◆ DATA SUPPLIED:
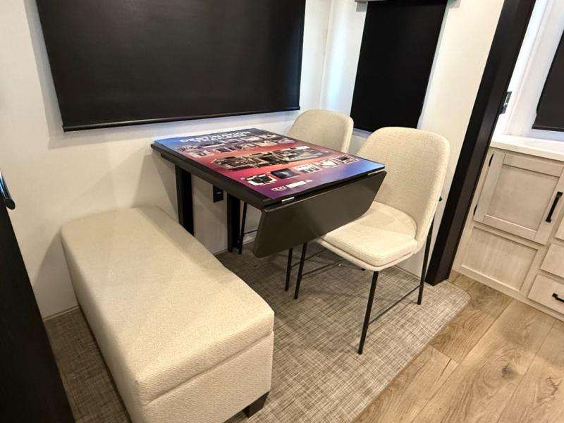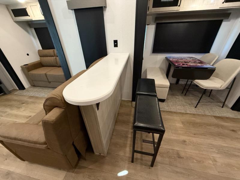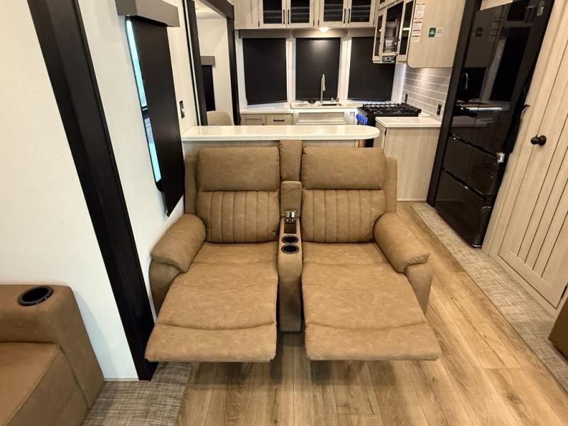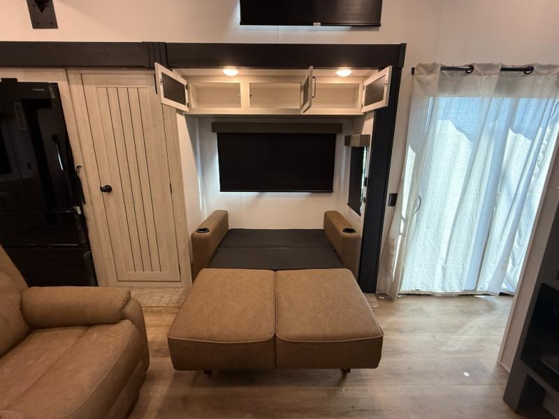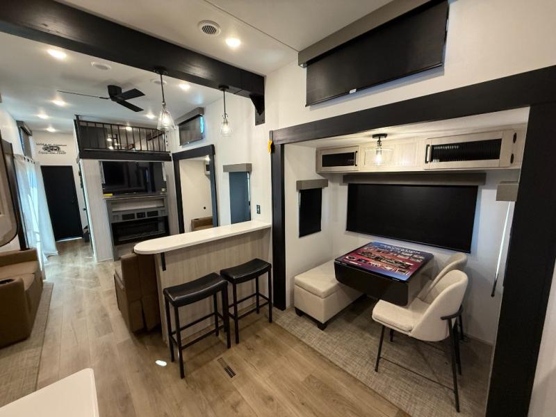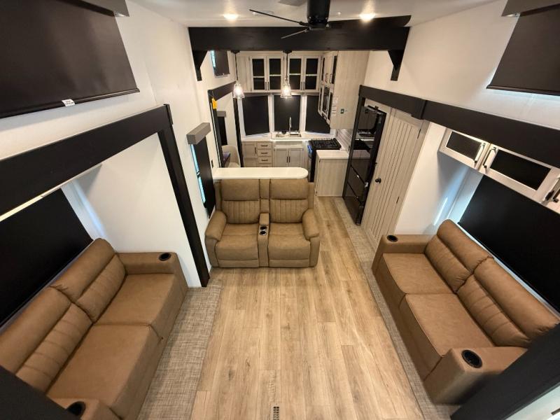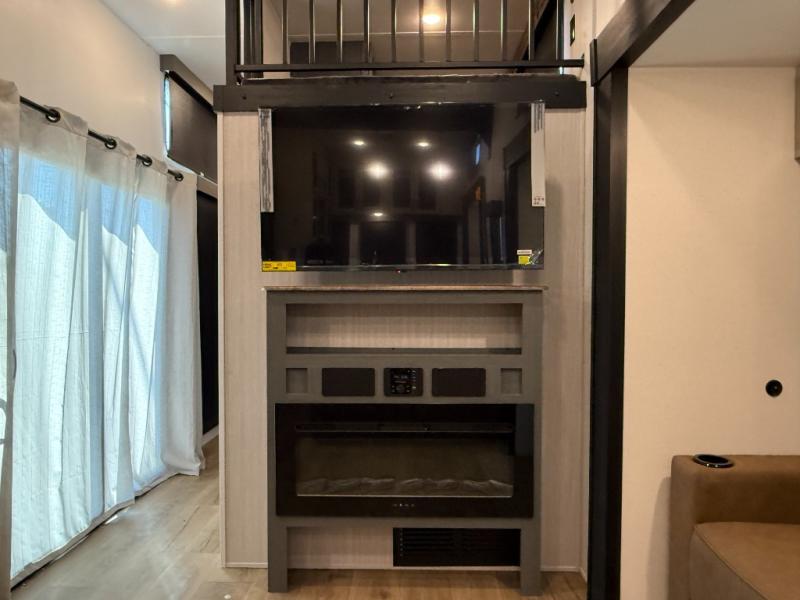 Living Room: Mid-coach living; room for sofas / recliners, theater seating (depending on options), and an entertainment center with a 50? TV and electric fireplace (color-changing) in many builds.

--

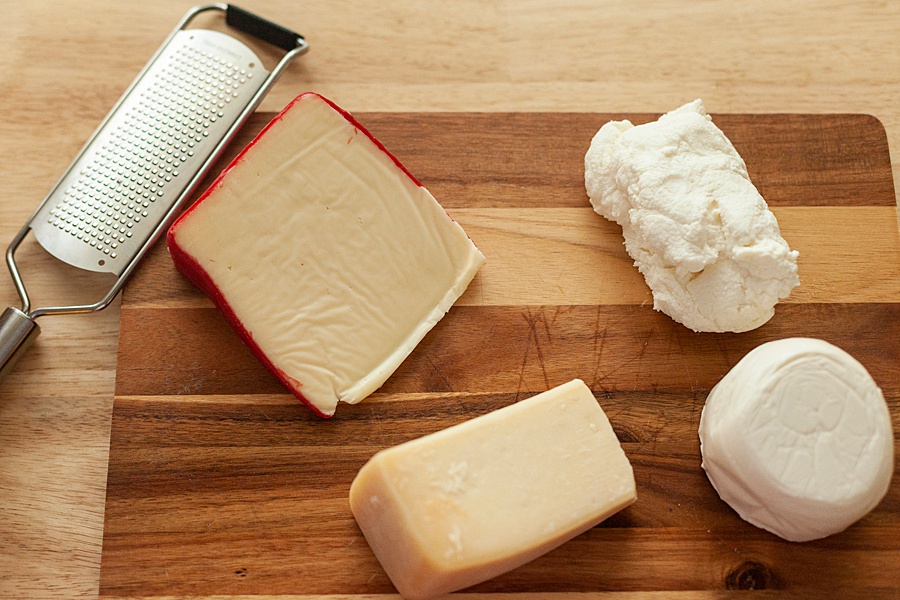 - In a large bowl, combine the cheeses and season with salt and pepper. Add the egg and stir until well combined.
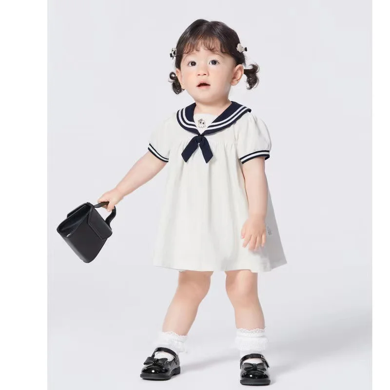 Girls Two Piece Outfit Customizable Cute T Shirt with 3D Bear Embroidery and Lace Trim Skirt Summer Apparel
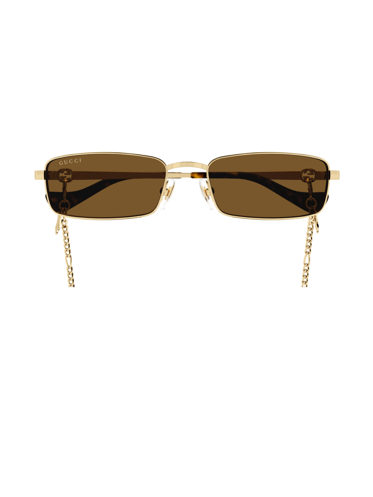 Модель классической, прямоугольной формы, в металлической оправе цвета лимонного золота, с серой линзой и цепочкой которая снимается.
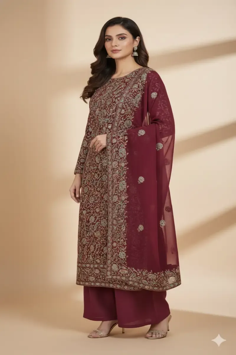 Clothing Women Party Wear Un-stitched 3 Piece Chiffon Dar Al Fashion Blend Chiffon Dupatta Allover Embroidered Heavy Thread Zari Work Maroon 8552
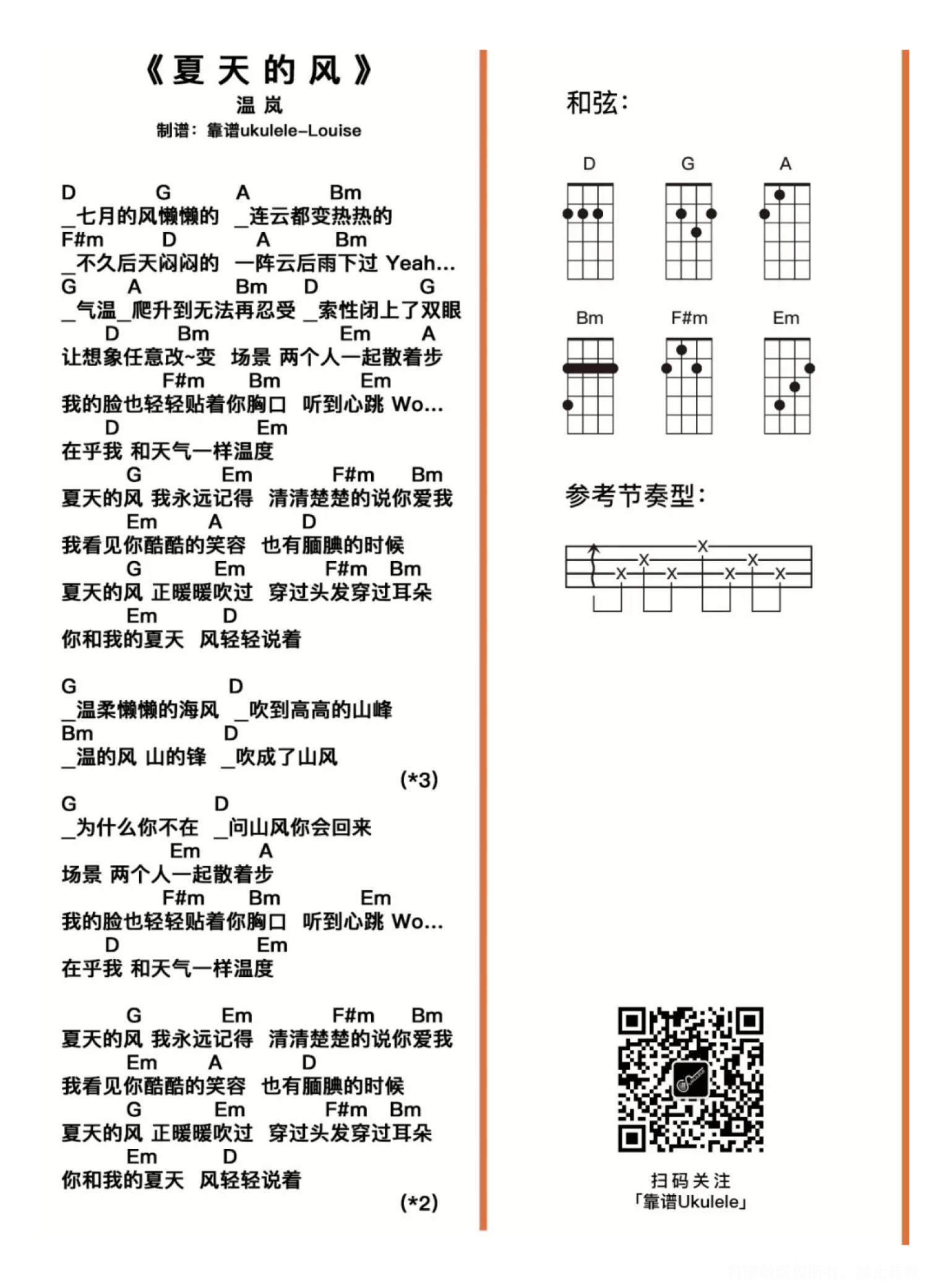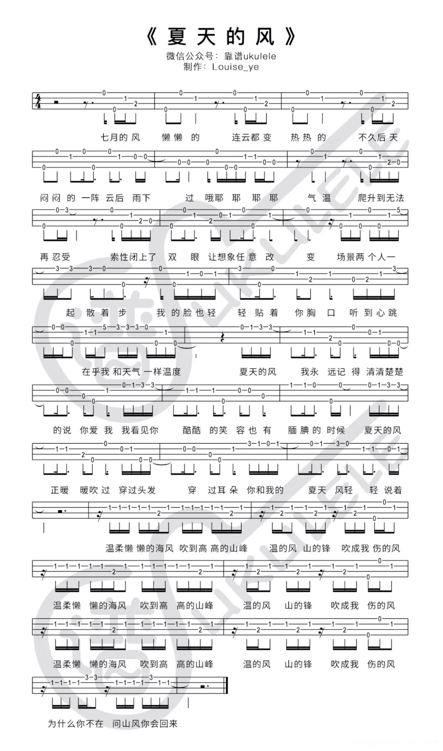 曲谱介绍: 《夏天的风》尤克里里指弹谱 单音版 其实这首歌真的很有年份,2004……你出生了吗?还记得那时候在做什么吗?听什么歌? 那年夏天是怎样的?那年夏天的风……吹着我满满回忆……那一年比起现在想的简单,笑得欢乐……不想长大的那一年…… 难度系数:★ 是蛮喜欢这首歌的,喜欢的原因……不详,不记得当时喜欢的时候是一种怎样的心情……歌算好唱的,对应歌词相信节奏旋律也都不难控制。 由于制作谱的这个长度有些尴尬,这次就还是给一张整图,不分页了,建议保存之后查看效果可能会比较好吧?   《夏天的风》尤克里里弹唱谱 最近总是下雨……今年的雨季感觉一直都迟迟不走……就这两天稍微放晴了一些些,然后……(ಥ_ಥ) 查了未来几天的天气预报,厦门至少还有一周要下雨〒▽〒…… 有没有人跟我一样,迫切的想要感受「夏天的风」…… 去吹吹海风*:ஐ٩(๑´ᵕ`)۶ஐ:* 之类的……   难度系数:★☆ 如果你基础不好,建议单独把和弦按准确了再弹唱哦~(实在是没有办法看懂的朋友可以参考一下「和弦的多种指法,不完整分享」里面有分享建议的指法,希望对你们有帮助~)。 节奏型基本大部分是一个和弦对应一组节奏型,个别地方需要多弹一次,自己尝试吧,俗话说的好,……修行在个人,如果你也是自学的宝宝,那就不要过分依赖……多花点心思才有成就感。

---

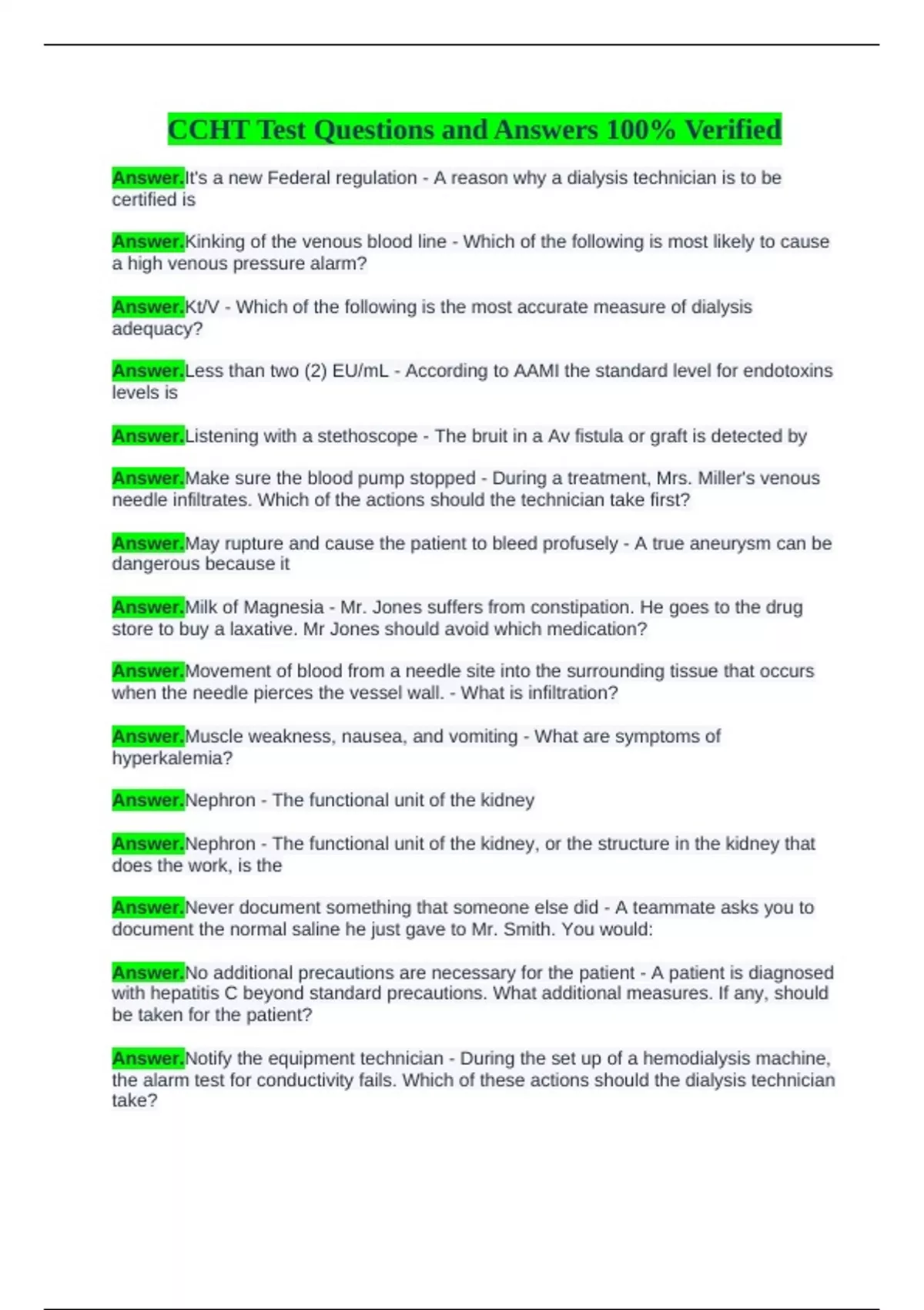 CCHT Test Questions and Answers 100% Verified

◆ WHAT YOU ARE ASKED TO DO: What should come back is an exact copy of the lines above from the line with "Girls Two Piece" to the line with "曲谱介绍: 《夏天的风》尤克里里指弹谱 单音版", both included, minus the pictures.

◆ YOUR RESPONSE:
 Girls Two Piece Outfit Customizable Cute T Shirt with 3D Bear Embroidery and Lace Trim Skirt Summer Apparel
 Модель классической, прямоугольной формы, в металлической оправе цвета лимонного золота, с серой линзой и цепочкой которая снимается.
 Clothing Women Party Wear Un-stitched 3 Piece Chiffon Dar Al Fashion Blend Chiffon Dupatta Allover Embroidered Heavy Thread Zari Work Maroon 8552
 曲谱介绍: 《夏天的风》尤克里里指弹谱 单音版 其实这首歌真的很有年份,2004……你出生了吗?还记得那时候在做什么吗?听什么歌? 那年夏天是怎样的?那年夏天的风……吹着我满满回忆……那一年比起现在想的简单,笑得欢乐……不想长大的那一年…… 难度系数:★ 是蛮喜欢这首歌的,喜欢的原因……不详,不记得当时喜欢的时候是一种怎样的心情……歌算好唱的,对应歌词相信节奏旋律也都不难控制。 由于制作谱的这个长度有些尴尬,这次就还是给一张整图,不分页了,建议保存之后查看效果可能会比较好吧?   《夏天的风》尤克里里弹唱谱 最近总是下雨……今年的雨季感觉一直都迟迟不走……就这两天稍微放晴了一些些,然后……(ಥ_ಥ) 查了未来几天的天气预报,厦门至少还有一周要下雨〒▽〒…… 有没有人跟我一样,迫切的想要感受「夏天的风」…… 去吹吹海风*:ஐ٩(๑´ᵕ`)۶ஐ:* 之类的……   难度系数:★☆ 如果你基础不好,建议单独把和弦按准确了再弹唱哦~(实在是没有办法看懂的朋友可以参考一下「和弦的多种指法,不完整分享」里面有分享建议的指法,希望对你们有帮助~)。 节奏型基本大部分是一个和弦对应一组节奏型,个别地方需要多弹一次,自己尝试吧,俗话说的好,……修行在个人,如果你也是自学的宝宝,那就不要过分依赖……多花点心思才有成就感。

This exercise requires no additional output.